Other administrations, including President Barack Obama’s, secured the release of imprisoned Americans without promising a summit meeting or improved diplomatic relations. Over the past week, Mr. Trump had criticized the Obama administration for failing to secure the release of the three men, who had been held on charges of committing espionage or “hostile acts” against North Korea. Two of them were taken prisoner after Mr. Trump took office.
The three men include Kim Dong-chul, a businessman and naturalized American citizen from the Virginia suburbs of Washington. He had been sentenced to 10 years’ hard labor in April 2016 after being convicted of spying and other offenses.
Tony Kim, also known as Kim Sang-duk, was arrested in April 2017 while trying to board a plane to leave the country. He had spent a month teaching accounting at a Christian-funded school, Pyongyang University of Science and Technology.

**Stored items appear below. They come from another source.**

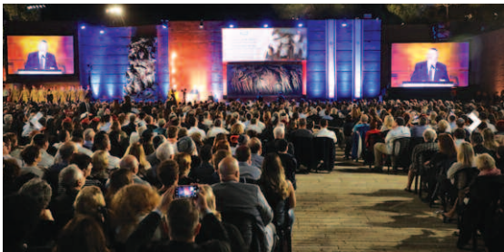
Shoah Gedenkveranstaltung, Mai 2019 in Yad Vashem

eine partielle Umorientierung von der zukunftsorientierten, konstruktiven und optimistischen Ausrichtung des zionistischen Projekts, im Sinne der Gründerideologie, auf eine rückwärtsgewandte, von Traumata jüdischer Schicksalsgemeinschaft gezeichnete Grundhaltung. Auch die durch die Kriege von 1967 und 1973 heraufbeschworenen Existenzängste gemahnten an die Shoah.
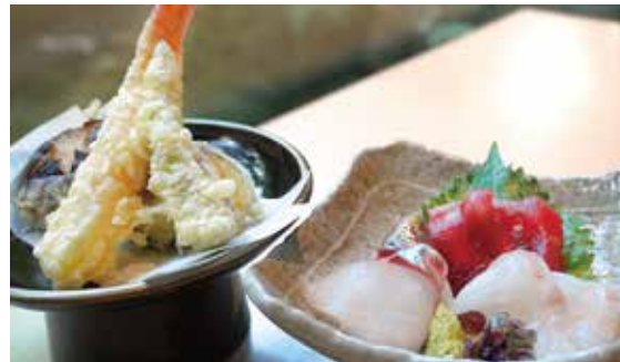
天ぷら・刺身御膳 Tempura & Sashimi set ¥2,500
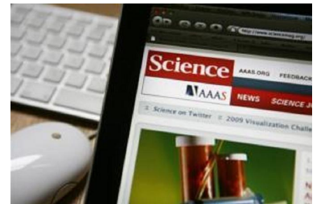
Acheter certains médicaments en ligne pourrait devenir légal.

Ce type d'information ne jouit pas globalement

Kim Hak-song, who volunteered at the school’s agricultural research farm, was arrested in May 2017. According to CNN, he was born in China near the North Korean border and emigrated to the United States in the 1990s, later returning to China and eventually moving to Pyongyang.
Speaking through a translator, one of the men recounted his time in captivity, describing long days in labor camps but adding that he had received medical treatment when needed. Their release bears a striking contrast to Otto F. Warmbier, a University of Virginia student who was returned to American custody in June after spending 17 months in captivity, much of it in a coma, in Pyongyang. He died days later.
From the tarmac, Mr. Trump acknowledged Mr. Warmbier and his family. “I want to pay my warmest respects to the parents of Otto Warmbier,” the president said, “who was a great young man who really suffered.”